国科大杭高院环境学院汪海林教授工作室在DNA表观遗传修饰分析检测方面取得新进展,相关成果最近以“Hyperactive DNA cutting for Unbiased UHPLC-MS/MS quantification of epigenetic DNA marks by Engineering DNase I Mutants”为题,发表于Analytical Chemistry。

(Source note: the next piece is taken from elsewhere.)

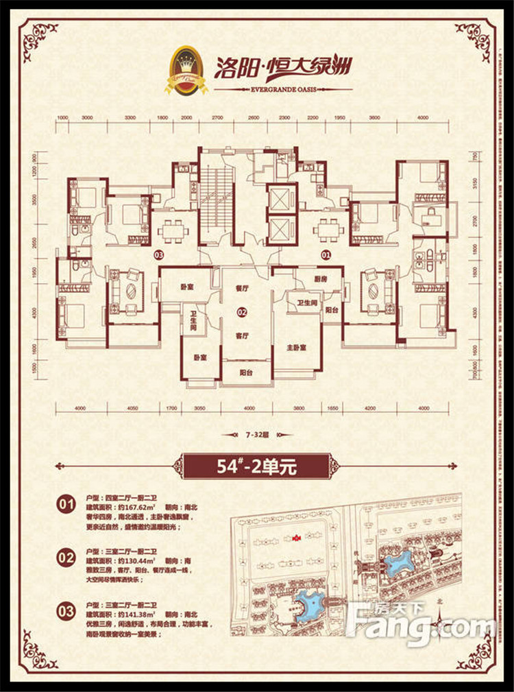 恒大綠洲項目位于洛陽市瀍河區(qū)洛陽市東出口,洛河以北、中州東路兩側(cè)、二廣高速以西,項目獨享洛河北岸3500多米河岸線,且處于洛陽市城市東西中軸線中州路東段,臨中州路街面長2000余米,有多路公交車直達。恒大綠洲全部項目占地面積約1338畝,規(guī)劃建筑面積近301萬平方米,居住單位2.06萬余戶,除居住建筑外,項目內(nèi)還配置了運動中心、綜合樓(會所)、幼兒園、小學(xué)、中學(xué)、商業(yè)配套、五星級酒店等,整個項目建成后,將形成約6.6萬人的居住規(guī)模。全部項目累計總投資超過100億元人民幣,預(yù)計上交稅收超過15億元人民幣。

DNA表观遗传修饰,如5-甲基胞嘧啶(5mC)、5-羟甲基胞嘧啶(5hmC)、5-甲酰基胞嘧啶(5fC)和5-羧基胞嘧啶(5caC)等,已被证明与多种疾病和癌症诊断与治疗的潜在生物标志物相关。目前对DNA表观遗传修饰的检测,以液相色谱-串联质谱(LC-MS/MS)作为DNA表观遗传修饰的表征和定量的金标准。其中,将DNA转化为2 ' -脱氧核苷是实现灵敏准确的LC-MS/MS定量的重要预处理步骤。DNase I作为实验室常用的核酸内切酶,可以与多种酶配合,将DNA酶解。但野生型DNase I存在诸多局限性,如在无机盐离子条件下活性明显下降、无法同时完全释放未修饰和修饰的脱氧核苷等,对DNA表观遗传修饰定量的精准性造成了影响。
该研究通过基因工程手段,构建了两种DNase I超高活性工程核酸酶N74K和Q9R:E13R:N74K,报道了一种无误差定量5mC水平的LC-MS/MS分析法。研究发现,DNase I工程蛋白在高盐和较宽泛的pH范围内均能表现出高度活跃的DNA切割活性;二价金属离子Mg2+和Mn2+可以帮助DNase I克服因高离子强度造成的活性抑制。同时,通过LC-MS/MS发现,得益于对DNA切割的高度活性,工程DNase I突变体辅助的DNA消化可以促进5mdC切割并消除5mC测量的偏差,准确地定量DNA 5mC修饰水平。
图一DNase I工程蛋白构建与纯化,及利用该蛋白辅助进行5mdC修饰水平的LC-MS/MS检测
该研究通过设计超高活性工程DNase I突变体,建立了一种高效准确定量5mC及其他酶解受限DNA修饰的LC-MS/MS分析法,为后续DNA表观遗传修饰及DNA加合物表征定量分析等研究提供了技术手段。
论文的第一作者是威斯尼斯人wns888入口中国环境学院2020级硕士研究生宋星睿,通讯作者为赖玮毅副研究员。研究得到国家自然科学基金、国家重点研发计划项目和安捷伦大学合作等项目的支持。